I will never forget the first time I set foot in Asylum. Walls that spoke of broken hearts and a goth-crowded dance floor introduced me to Santa Monica’s main nightclub. But Jeanette took this emerging atmosphere to a whole new level. Looking almost as a Harley Quinn living cosplay after being in too many parties, she set the ground for Vampire: The Masquerade – Bloodlines and the experience to come.
Her facial expressions, the movement and grace whenever she spoke, the never ending music in the background. “These broken walls trap me inside / I’m isolated” the lyrics said, offering clues about the character in front of us: a Malkavian, vampires that are cursed with insanity. And her club was only one of the small worlds in the game, awaiting to be explored by the new Kindred in town.

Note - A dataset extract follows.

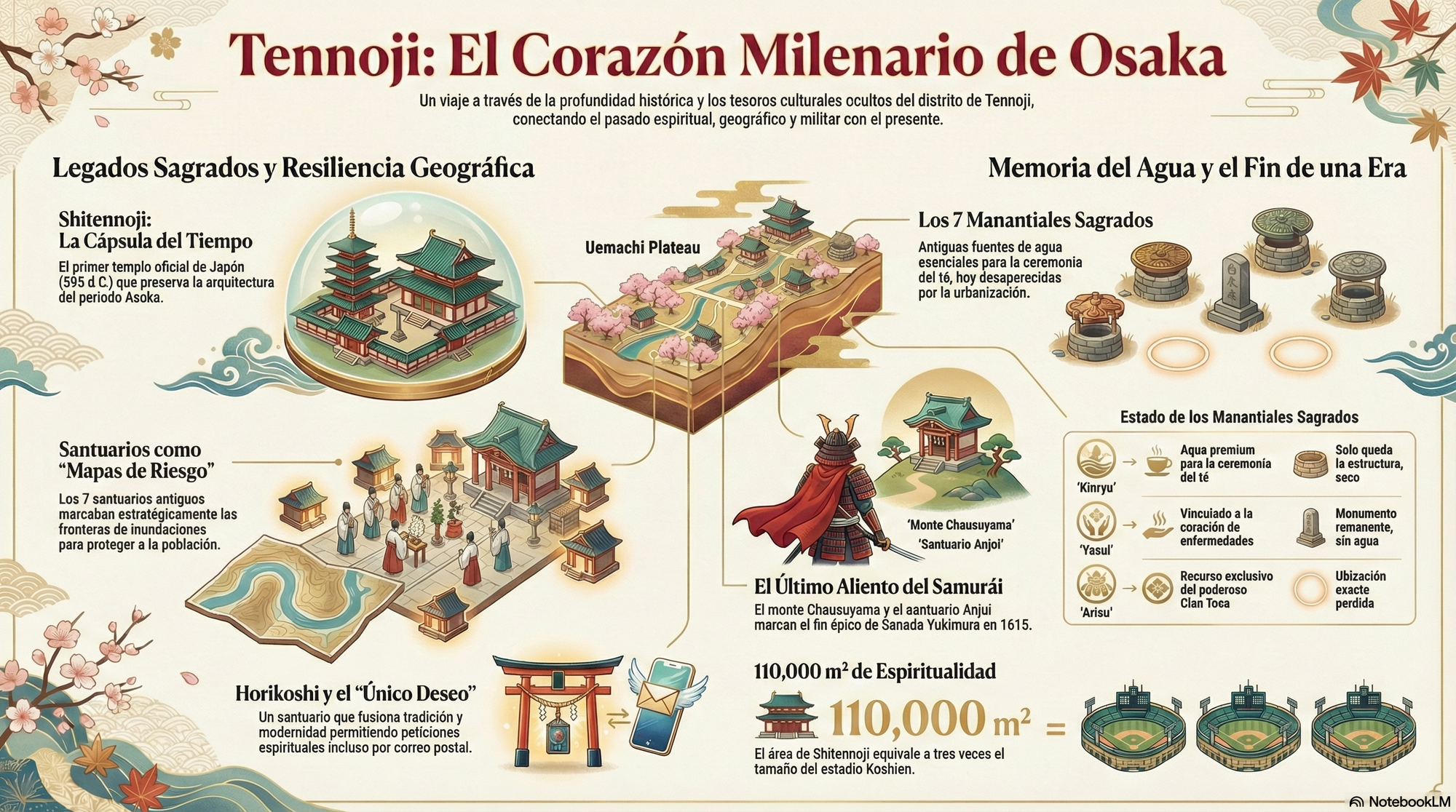 Tennōji es mucho más que un distrito; es un palimpsesto donde la historia se reescribe constantemente sobre sí misma. Aquí, la tragedia de un héroe como Sanada Yukimura no ocurrió en un vacío, sino sobre la misma tierra que los antiguos habían delimitado con santuarios para protegerse de las aguas. La fe moderna que se envía por correo desde Horikoshi coexiste con los fantasmas de las fuentes perdidas que alguna vez nutrieron esa misma fe. Cada paso que damos en sus calles es un paso sobre estas capas invisibles. La próxima vez que visite Tennōji, recuerde mirar más allá de lo evidente y escuchar los ecos de los siglos.

It’s been 14 years since Troika Games and Activision released their take on the tabletop role-playing game Vampire: The Masquerade. Cursed by a rushed development and being forced to use Half Life’s Source engine in its early days, Bloodlines was a mess in terms of performance and bugs, which to date are still being fixed with an unofficial community patch. And while we could argue about the decisions behind the combat, both the atmosphere and the characters we found throughout the story set a guideline that only a handful of games were able to reach in the following years.

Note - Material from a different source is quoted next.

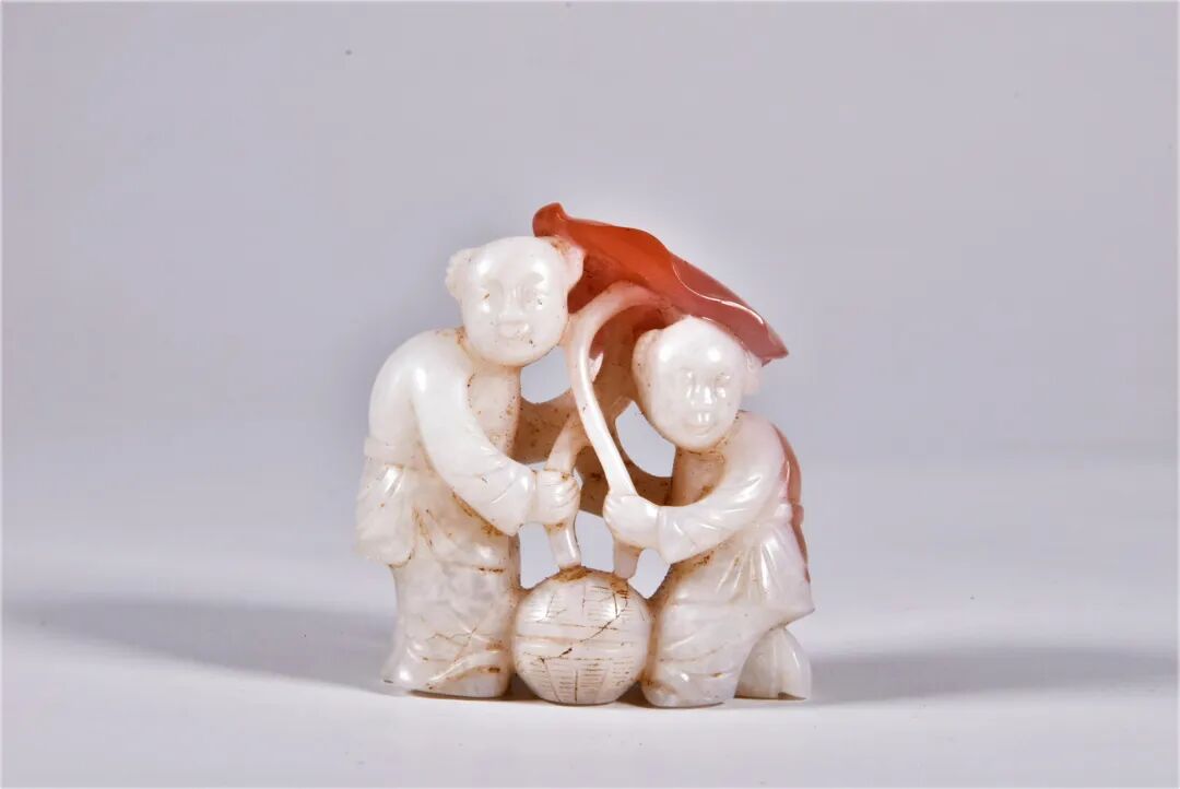 清 南红玛瑙巧色和合二仙摆件

Both Jeanette and her sister Therese use Asylum as a base of operations to become the queens of Santa Monica in terms of influence. And then you meet the Anarchs, a group of vampires that give a giant middle finger to the elders at the top, ignoring their power and opposing to their rules. Rotten furniture, hard rock music and a Call of Duty pinball machine can be found in The Last Round, a bar in Downtown LA that they like to call a safe haven, where they can engage in freedom of speech without the Camarilla getting in the way. “Crawl with the heretic / And the world outside gets a little bit stranger”, the lyrics imply in our visits.
Vampire: The Masquerade – Bloodlines is filled with moments like these. Going back to the game many years later makes me feel like I’m revisiting places and reuniting with acquaintances in a same familiar way, even if my character is setting foot for the first time.
Original quests, detailed characters or hand crafted environments become pointless if there isn’t an atmosphere achieved by the mix of the right elements. While modern RPGs have exceeded some of these individually, they could never match the sense of stepping into a world trapped between four walls, with a distinct feeling that never fades away.
Losing myself to dance in Asylum, trying to earn the Anarchs’ respect as the new youngling by debating and getting my hands dirty, or standing near a fire in Santa Monica’s beach listening to Lacuna Coil from a radio made for a unique experience.
It’s unsure to speculate about the future of the franchise now that Paradox and Obsidian, makers of Fallout: New Vegas and Pillars of Eternity, own the IP. But if they manage to maintain what made Vampire: The Masquerade – Bloodlines so special in the upcoming entry of the series, we could be facing a new standard for the RPG genre, and the modern experience that Troika Games had already envisioned back in 2004.